In English class this year I was asked to answer this question:
If you could change one thing about where you live, what would it be and why?
After handing out the five-hundredth bottle of water, I moved the empty coolers across the street, back into my house, and caught up with the rest of the protesters in the march for Black Lives Matter down the street of West Paces Road to the Governor’s mansion. I saw the faces of my closest friends, students I know from other schools, and my past teachers. These faces made me even more determined to be a catalyst for change in Atlanta, due to their safety being in danger from the problems of racial injustice.

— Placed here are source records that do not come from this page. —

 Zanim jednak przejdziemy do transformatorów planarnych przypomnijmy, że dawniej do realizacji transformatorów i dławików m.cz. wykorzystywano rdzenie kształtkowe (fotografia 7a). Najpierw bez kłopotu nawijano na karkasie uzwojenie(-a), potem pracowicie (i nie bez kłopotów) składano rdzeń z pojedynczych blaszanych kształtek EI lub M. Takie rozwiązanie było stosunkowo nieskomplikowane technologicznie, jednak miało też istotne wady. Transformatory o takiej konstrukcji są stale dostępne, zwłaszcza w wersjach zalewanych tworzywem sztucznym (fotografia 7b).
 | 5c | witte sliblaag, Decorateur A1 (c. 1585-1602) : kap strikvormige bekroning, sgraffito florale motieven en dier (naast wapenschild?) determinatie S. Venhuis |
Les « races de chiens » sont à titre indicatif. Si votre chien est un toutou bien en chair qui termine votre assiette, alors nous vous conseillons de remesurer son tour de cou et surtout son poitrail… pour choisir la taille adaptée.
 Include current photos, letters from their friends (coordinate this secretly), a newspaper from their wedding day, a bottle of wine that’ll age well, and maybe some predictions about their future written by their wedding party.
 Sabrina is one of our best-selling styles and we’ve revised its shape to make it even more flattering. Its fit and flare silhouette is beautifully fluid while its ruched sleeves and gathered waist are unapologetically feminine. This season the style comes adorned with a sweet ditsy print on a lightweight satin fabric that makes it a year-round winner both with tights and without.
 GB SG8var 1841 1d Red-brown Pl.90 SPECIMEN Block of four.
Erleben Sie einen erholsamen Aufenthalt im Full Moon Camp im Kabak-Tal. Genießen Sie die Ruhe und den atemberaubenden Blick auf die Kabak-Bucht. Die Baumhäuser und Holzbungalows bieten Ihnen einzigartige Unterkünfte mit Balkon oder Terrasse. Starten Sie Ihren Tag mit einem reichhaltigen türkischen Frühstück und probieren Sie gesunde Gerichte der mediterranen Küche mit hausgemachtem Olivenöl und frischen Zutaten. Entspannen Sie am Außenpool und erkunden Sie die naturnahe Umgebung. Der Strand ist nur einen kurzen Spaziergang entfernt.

It’s truly heartbreaking when some of my closest black friends tell me how terrified they are of getting pulled over while driving - a daily and stress-free activity for me. I am fearful of what could happen to them. I have tried to do my best to contribute to the change, but it’s a daunting prospect when this problem is so rooted in Atlanta’s history. An example is MARTA, Atlanta’s public transportation system. Public transit does not run through Cobb County, an area adjacent to the heart of the city of Atlanta, because of the 1980s-era fear that the trains would bring crime and “undesirable elements” into almost exclusively white communities. It has been forty years and still, nothing has changed.
Atlanta thinks of itself like a phoenix, rising from the flames of the Civil War, but it still has not risen above the ashes of deeply embedded racial inequities.
This creative writing prompt assignment is what actually inspired me to create this organization with a design logo, designed wristbands, and designed posters.